___ Information supplied ___
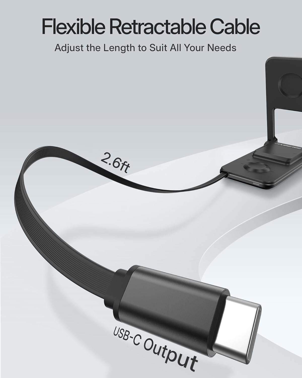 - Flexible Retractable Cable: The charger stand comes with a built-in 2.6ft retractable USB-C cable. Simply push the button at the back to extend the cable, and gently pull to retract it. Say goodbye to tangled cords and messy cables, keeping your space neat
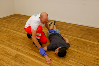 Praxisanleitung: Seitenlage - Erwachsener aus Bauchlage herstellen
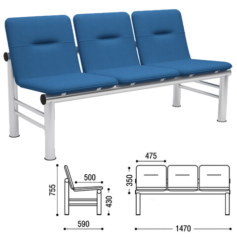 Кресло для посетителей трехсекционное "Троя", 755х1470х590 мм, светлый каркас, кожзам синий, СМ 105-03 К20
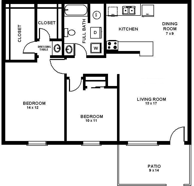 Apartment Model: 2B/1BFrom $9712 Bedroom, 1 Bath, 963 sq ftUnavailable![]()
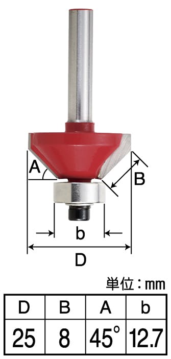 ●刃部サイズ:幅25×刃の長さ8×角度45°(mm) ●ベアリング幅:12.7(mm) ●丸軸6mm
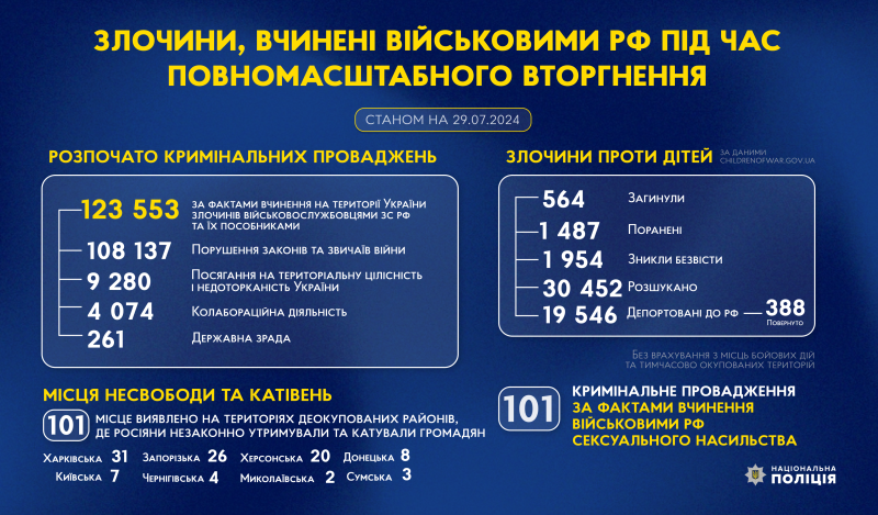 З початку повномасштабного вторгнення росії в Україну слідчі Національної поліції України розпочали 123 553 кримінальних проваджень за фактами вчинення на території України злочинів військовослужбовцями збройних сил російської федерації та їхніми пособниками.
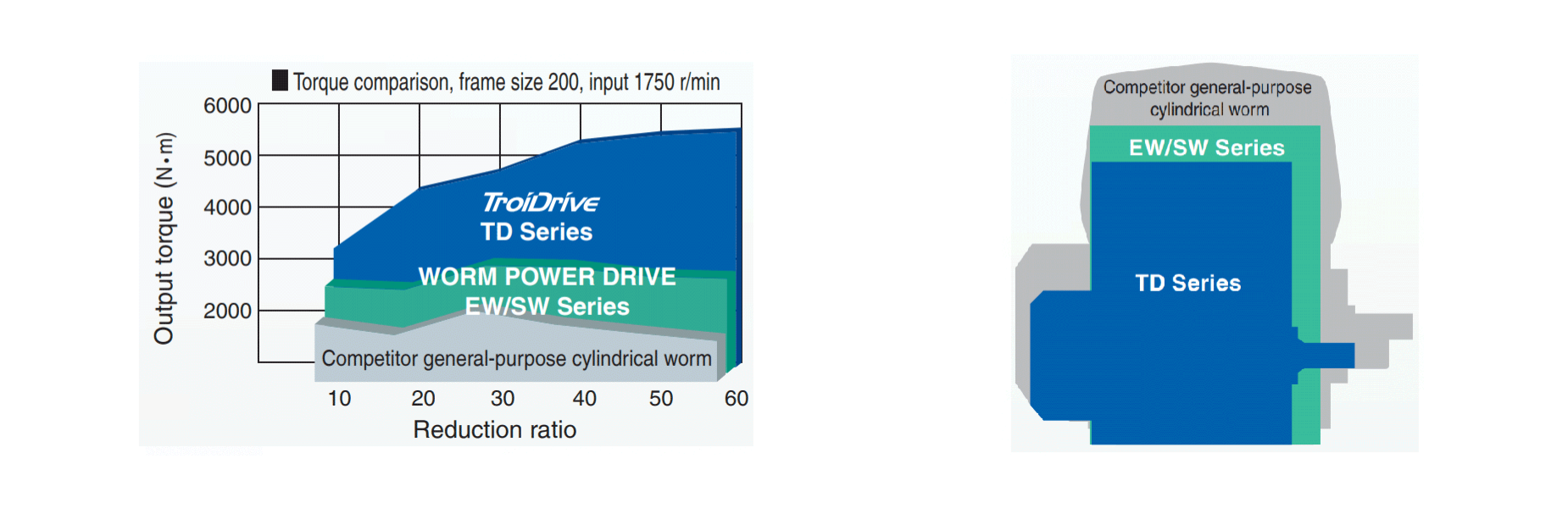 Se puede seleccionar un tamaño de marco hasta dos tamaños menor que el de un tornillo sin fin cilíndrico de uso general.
___
#### Assigned task:
Write the lines from the one containing "Apartment Model: 2B/1BFrom" through the end of the data above exactly as they appear, and do not carry over any picture.

#### Task output:
 Apartment Model: 2B/1BFrom $9712 Bedroom, 1 Bath, 963 sq ftUnavailable![]()
 ●刃部サイズ:幅25×刃の長さ8×角度45°(mm) ●ベアリング幅:12.7(mm) ●丸軸6mm
 З початку повномасштабного вторгнення росії в Україну слідчі Національної поліції України розпочали 123 553 кримінальних проваджень за фактами вчинення на території України злочинів військовослужбовцями збройних сил російської федерації та їхніми пособниками.
 Se puede seleccionar un tamaño de marco hasta dos tamaños menor que el de un tornillo sin fin cilíndrico de uso general.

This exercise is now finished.